Lesko served a tour of duty in Vietnam and reflected upon his return to the U.S. “What hurt me the most was that nobody cared. My other friends found a way out. If you served you were not looked upon well.”
His principle motivation for assisting Iraqi veterans and their families, aside from his own personal experience, is that people who most deserve government benefits have difficulty trying to find information necessary to access to them. Sure, the Department of Defense and the Veterans’ Administration offers some help, but veterans are eligible for so many other programs from a cross-section of government departments and agencies. He adds that one of the reasons that Walter Reed contacted him was that there is an understanding that government “can’t communicate with the average person.” Say what you will about Lesko. The man can talk to people.
On the Role of Government
Matthew Lesko was once described by a right-wing Internet blogger as “the mortal enemy of all conservatives!”
I ask him about this and he tells me that people can frame things however they wish and that they are entitled to their opinions. “I’m not aiming to get legislation. I’m just reporting reality. I don’t approve of every government program. But I feel strongly that people should have access to it,” Lesko opines.
So is there such a thing as a free lunch?
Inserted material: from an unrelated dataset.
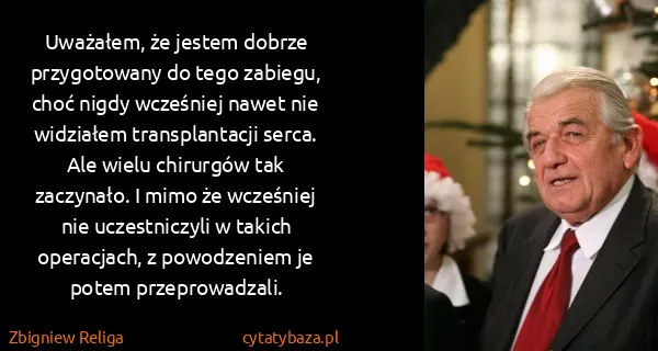 Uważałem, że jestem dobrze przygotowany do tego zabiegu, choć nigdy wcześniej nawet nie widziałem transplantacji serca. Ale wielu chirurgów tak zaczynało. I mimo że wcześniej nie uczestniczyli w takich operacjach, z powodzeniem je potem przeprowadzali.

“No,” Lesko says definitively. “If you buy my book it does not mean that you will get a check in the mail from the government next Thursday,” he said bluntly. Lesko argues that there are scores of diet books in the marketplace, but yet Americans are getting fatter. But like everyone else, the diet industry has to capture the public imagination. So one will see headlines, “Thinner Thighs in 30 Days,” not “This Diet Will Put You Through Hell.”
Yet government itself takes on a life of its own, although it is often not certain of where it is going. Lesko pointed out that the U.S. Department of Agriculture’s Food and Nutrition Service has spent $5 million so that it can increase the number of individuals and families who are in receipt of food stamps. He also cited Peter G. Peterson’s book Running on Empty: How The Democratic and Republican Parties Are Bankrupting Our Future & What Americans Can Do About It. According to Peterson, a former Secretary of Commerce in the Nixon Administration, only 12% of government money is directed to the poor. Lesko wondered aloud how Republicans could be the party of small government when President Bush received a $250 million subsidy to build a stadium for the Texas Rangers and Dick Cheney received $3 billion in government contracts for Haliburton.
In fairness to the Bush Administration, there has not been much argument in favor of reducing the size of government. After all, this past week President Bush signed a $286 billion Highway bill into law. Beginning next year, senior citizens will receive coverage of their prescription drugs, thus beginning the first entitlement program in America since the Johnson Administration. These are hardly the acts of a small government conservative.
In short, once a government program begins it, for all intents and purposes, lives forever. If our wealthiest citizens have access to government programs they don’t need, why ought citizens with modest means who need these programs the most be denied access to these programs? In other words, do Americans want less government or do they want Lesko government?
Of course, there are critics of Lesko who are critical of his use of public information, repackaging it and selling it for a profit. But as Lesko points out, there are tax lawyers who receive enormous amounts of government money to explain information that is available to the public. Besides, of the nearly 100 books he has written, only a dozen “have really done anything.” There are no guarantees in life. Even for Matthew Lesko.